━━━ WORKING DATA ━━━
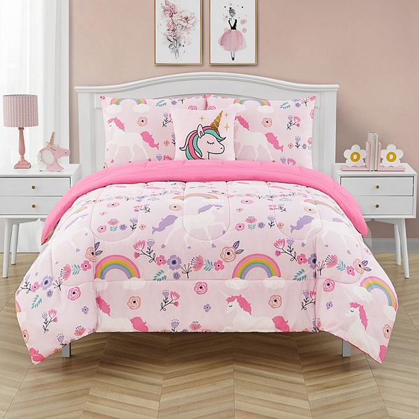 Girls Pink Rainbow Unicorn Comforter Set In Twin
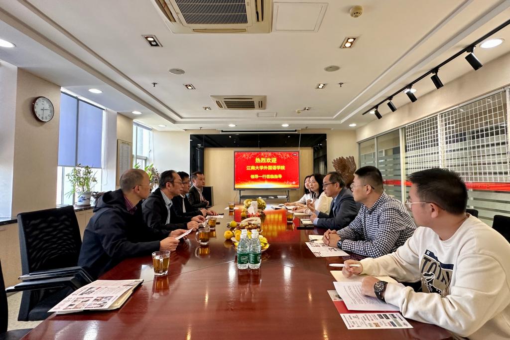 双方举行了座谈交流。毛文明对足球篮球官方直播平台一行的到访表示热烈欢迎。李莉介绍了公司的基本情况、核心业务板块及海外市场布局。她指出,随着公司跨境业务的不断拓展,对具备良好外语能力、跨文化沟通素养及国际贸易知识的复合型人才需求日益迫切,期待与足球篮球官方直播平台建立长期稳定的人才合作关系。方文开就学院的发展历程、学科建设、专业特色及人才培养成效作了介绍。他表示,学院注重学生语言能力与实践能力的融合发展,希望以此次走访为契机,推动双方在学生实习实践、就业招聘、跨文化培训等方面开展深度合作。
━━━
━━━ WORKING DATA ━━━
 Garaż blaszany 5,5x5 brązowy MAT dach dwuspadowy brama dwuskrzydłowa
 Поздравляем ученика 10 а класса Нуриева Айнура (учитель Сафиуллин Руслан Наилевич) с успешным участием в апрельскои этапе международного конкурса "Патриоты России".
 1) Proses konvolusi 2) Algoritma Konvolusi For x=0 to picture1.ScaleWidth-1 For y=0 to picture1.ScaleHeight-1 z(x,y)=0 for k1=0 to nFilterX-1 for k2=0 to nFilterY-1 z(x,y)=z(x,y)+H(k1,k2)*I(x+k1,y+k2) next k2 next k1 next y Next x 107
━━━
Copy, exactly and only, the lines above that begin with the one containing "Поздравляем ученика 10" and finish with the one containing "1) Proses konvolusi".

 Поздравляем ученика 10 а класса Нуриева Айнура (учитель Сафиуллин Руслан Наилевич) с успешным участием в апрельскои этапе международного конкурса "Патриоты России".
 1) Proses konvolusi 2) Algoritma Konvolusi For x=0 to picture1.ScaleWidth-1 For y=0 to picture1.ScaleHeight-1 z(x,y)=0 for k1=0 to nFilterX-1 for k2=0 to nFilterY-1 z(x,y)=z(x,y)+H(k1,k2)*I(x+k1,y+k2) next k2 next k1 next y Next x 107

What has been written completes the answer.